Job did question God. Like Diane on occasion, Job wondered what God was allowing to happen to him. He wondered what God was doing. Job even shook an angry fist at God and asked, "What did I ever do to You, Lord, that all of this has befallen me?" I admire the honesty of the Bible that it includes the prayers of saints who questioned God or were angry at God. But as I pointed out to Diane many times, when she had her Job-like questions, only those who believe in God bother asking Him questions or getting angry with Him. Like Job, Diane believed. And she wondered.

Yet like Job, I believe that if Diane could speak to you today, she would make an incredible affirmation of God's love and care for us when winter hits and an affirmation of the hope with which all of us should live each day. Job said, even as he grieved and suffered:

"For I know that my Redeemer [God] lives, and that at the last He will stand upon the earth; and after my skin has been thus destroyed, then in my flesh I shall see God, Whom I shall see on my side, and my eyes shall behold, not another."

Thousands of years before the birth of Jesus, Job was pointing to the hope that the New Testament tells us belongs to all who will turn from sin and entrust their lives to Jesus Christ. Death doesn't have the final say in the life of the person who follows Jesus Christ. Jesus, truly God and truly Man, died and rose so that death doesn't have the last word in the lives of His followers.

In Christian tradition, Jesus has been pictured as a butterfly. After He died an excruciating death on a cross, He was laid in a tomb that became His cocoon. On the third day, He rose again. Jesus is God's answer to all our wonderings and questionings today. He doesn't erase the mysteries that we can't comprehend. He doesn't reveal why Diane suffered so or was taken from us at such a young age or any of the rest. But He does make a promise:

"For God so loved the world that He gave His only Son, so that everyone who believes in Him may not perish but may have eternal life."

Like butterflies, if we follow Him by faith, Jesus Christ will allow us to emerge from our cocoons and from our souls' winter to live new and an everlasting lives with God. And in the meantime—through winter and all the seasons of goodness and laughter, along with those of hardship and tears, Jesus makes another promise: that He will be with us always. God, Who learned personally all about suffering and loss and feeling alone in grief when Jesus went to the cross, is on our side! He also knows the wonderful tomorrow He has waiting for all who believe in Him!

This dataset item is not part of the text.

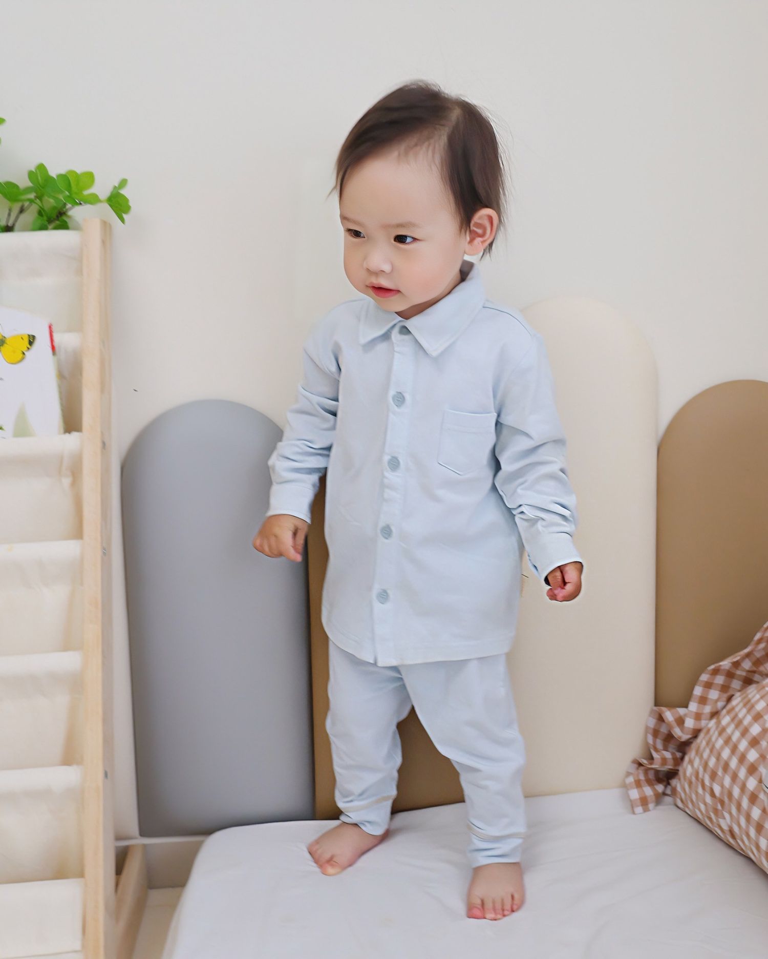 Урдаа товчтой, зөөлөн даавуун хөвгүүдийн цамц. Гэрт, гадаа, цэцэрлэгт гээд хаана ч өмссөн болох классик хийцтэй.

The Bible says that nothing can separate us from the love of God, given to us through Jesus Christ. If that's not true today, it simply isn't true. But it is true, a truth affirmed by hundreds of people who saw Jesus risen from the dead and by the changed lives of millions who have come to believe in Jesus through the centuries.

This morning I don't have all the answers to your questions. But I can offer you Jesus Christ and I can beg you to follow Him. Jesus gives the promise that God stands with you in your grief and the certainty that through His forgiving love and power over death, winter will give way to spring...death will yield to life...tears will all be dried...and pain will be a thing of the past.